TASK OBJECTIVE>
Would you print every entry below exactly as written, omitting the images?

THE DATA: Begin

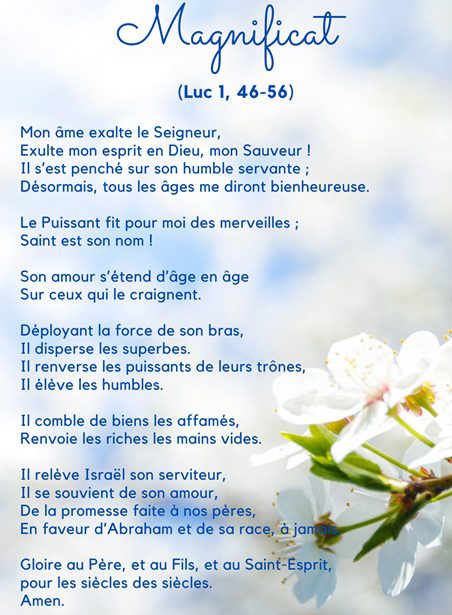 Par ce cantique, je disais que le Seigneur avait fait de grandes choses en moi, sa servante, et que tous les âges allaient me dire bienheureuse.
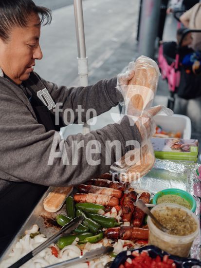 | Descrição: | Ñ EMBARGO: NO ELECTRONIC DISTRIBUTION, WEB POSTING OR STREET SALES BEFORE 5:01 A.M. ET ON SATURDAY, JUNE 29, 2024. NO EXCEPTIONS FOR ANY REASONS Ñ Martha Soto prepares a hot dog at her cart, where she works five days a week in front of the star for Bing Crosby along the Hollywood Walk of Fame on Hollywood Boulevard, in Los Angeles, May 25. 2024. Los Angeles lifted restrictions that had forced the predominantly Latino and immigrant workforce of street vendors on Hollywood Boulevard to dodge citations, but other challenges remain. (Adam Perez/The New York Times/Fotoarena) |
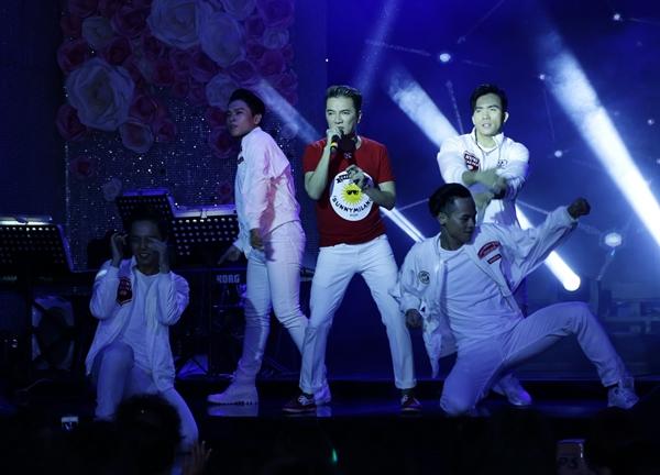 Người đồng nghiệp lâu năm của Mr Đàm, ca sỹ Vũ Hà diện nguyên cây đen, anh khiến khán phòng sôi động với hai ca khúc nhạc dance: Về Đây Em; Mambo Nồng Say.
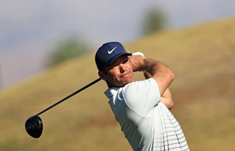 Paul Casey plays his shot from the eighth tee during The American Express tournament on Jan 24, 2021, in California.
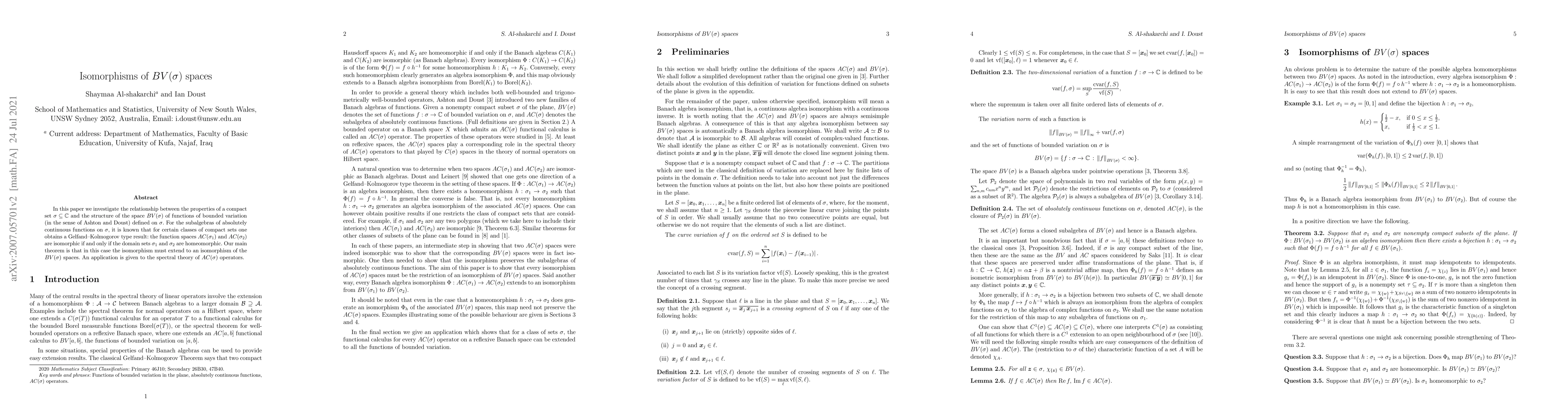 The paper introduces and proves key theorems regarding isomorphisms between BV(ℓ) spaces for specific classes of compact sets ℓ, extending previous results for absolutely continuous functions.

THE DATA: End

ANSWER BOX>
 Par ce cantique, je disais que le Seigneur avait fait de grandes choses en moi, sa servante, et que tous les âges allaient me dire bienheureuse.
 | Descrição: | Ñ EMBARGO: NO ELECTRONIC DISTRIBUTION, WEB POSTING OR STREET SALES BEFORE 5:01 A.M. ET ON SATURDAY, JUNE 29, 2024. NO EXCEPTIONS FOR ANY REASONS Ñ Martha Soto prepares a hot dog at her cart, where she works five days a week in front of the star for Bing Crosby along the Hollywood Walk of Fame on Hollywood Boulevard, in Los Angeles, May 25. 2024. Los Angeles lifted restrictions that had forced the predominantly Latino and immigrant workforce of street vendors on Hollywood Boulevard to dodge citations, but other challenges remain. (Adam Perez/The New York Times/Fotoarena) |
 Người đồng nghiệp lâu năm của Mr Đàm, ca sỹ Vũ Hà diện nguyên cây đen, anh khiến khán phòng sôi động với hai ca khúc nhạc dance: Về Đây Em; Mambo Nồng Say.
 Paul Casey plays his shot from the eighth tee during The American Express tournament on Jan 24, 2021, in California.
 The paper introduces and proves key theorems regarding isomorphisms between BV(ℓ) spaces for specific classes of compact sets ℓ, extending previous results for absolutely continuous functions.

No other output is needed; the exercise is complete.